The data
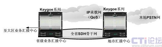 利用東進Keygoe系列多媒體交換機構(gòu)建全省乃至于全國的綜合增值業(yè)務(wù)平臺,實現(xiàn)業(yè)務(wù)的全省或全國的統(tǒng)一運營。通過分布在不同地區(qū)的東進Keygoe系列多媒體交換機實現(xiàn)業(yè)務(wù)的負載均衡、業(yè)務(wù)能力的冗余備份。其結(jié)構(gòu)圖如下圖所示。
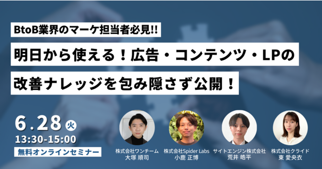 【6月28日(火)開催・参加無料】BtoB業界のマーケ担当者必見!!翌日から使える、広告・コンテンツ・LPの改善ナレッジに関する4社合同ウェビナー開催決定!
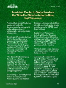 Speaking at a high-level virtual climate dialogue co-hosted by UN Secretary-General António Guterres and Brazilian President Luiz Inácio Lula da Silva, Tinubu outlined Nigeria’s ambitious clean energy transition plans.
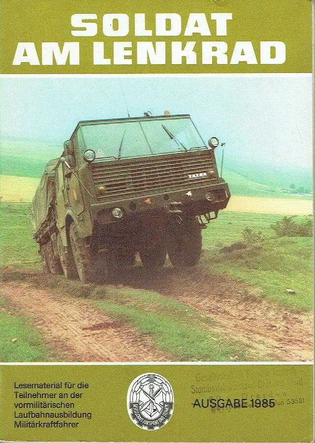 guter bis sehr guter Zustand, geringe Gebrauchs- und Alterungsspuren: Vorderseite rechts unten mit GST-Stempel - Umschlag und Seiten teils etwas eselsohrig - Deckel und die ersten 30 Seiten mit kleiner Blessur im oberen Rand - Seiten sauber und ordentlich, Vorbemerkung - Der Militärkraftfahrer — seine Verantwortung und Aufgaben - Militärische Kraftfahrzeuge gestern und heute - GAS, KrAS, MAS, URAL und TATRA - Sowjetische und tschechoslowakische Militärkraftfahrzeuge in der NVA - „Panther", „Tiger", „Königstiger" - Wie der Mythos einer Waffe zerbrach - Auf der „Straße des Lebens" - Über das Eis des Ladogasees in das eingeschlossene Leningrad - Im Visier der Ludwigsfelder: der 450 000. W 50! - Wann ist ein Fahrzeug geländegängig? - Instrumententafel des LKW W 50 L/A. Der W 50 in Daten - Tonnenschwere auf der Kfz-Lehrbahn - „Ural"-Fahrer der NVA und der Sowjetarmee im Leistungsvergleich - Marschrichtung ihrer Fahrzeuge: Osten! - Panzergrenadiere und Kraftfahrer der Bundeswehr werden im antikommunistischen Sinne für den "Tag X" gedrillt - Die „Prozente" der Rüstungshaie - Mit 20 Tonnen im Gelände - Bilder einer Fahrübung von Militärkraftfahrern - Herr über 156 kW (250 PS) - Berufsbilder: Unteroffizier, Fähnrich, Offizier des Kfz-Dienstes - Kamerad, wenn Du bei der „Fahne" bist, wirst Du z. B. eines dieser Fahrzeuge führen - GST-Motorsportler - Auf W 50 und „Ural" - Zu unserem Ausbildungsprogramm / Militärkraftfahrer - Abschlußübung in Piesteritz mit „Pfiff" - Wie muß unsere Ausbildungstechnik genutzt und instand gehalten werden? - Trainingsprogramm zur Fahrzeugbedienung (Klasse C), kartoniert, ca. 16,5 x 23, 96 Seiten mit zahlreichen Bildern

Exercise requirements
The lines from the start of the data through the line that contains "Speaking at a" are to be returned exactly, please, with both ends included and every picture left out.

Answer to the exercise
 利用東進Keygoe系列多媒體交換機構(gòu)建全省乃至于全國的綜合增值業(yè)務(wù)平臺,實現(xiàn)業(yè)務(wù)的全省或全國的統(tǒng)一運營。通過分布在不同地區(qū)的東進Keygoe系列多媒體交換機實現(xiàn)業(yè)務(wù)的負載均衡、業(yè)務(wù)能力的冗余備份。其結(jié)構(gòu)圖如下圖所示。
 【6月28日(火)開催・参加無料】BtoB業界のマーケ担当者必見!!翌日から使える、広告・コンテンツ・LPの改善ナレッジに関する4社合同ウェビナー開催決定!
 Speaking at a high-level virtual climate dialogue co-hosted by UN Secretary-General António Guterres and Brazilian President Luiz Inácio Lula da Silva, Tinubu outlined Nigeria’s ambitious clean energy transition plans.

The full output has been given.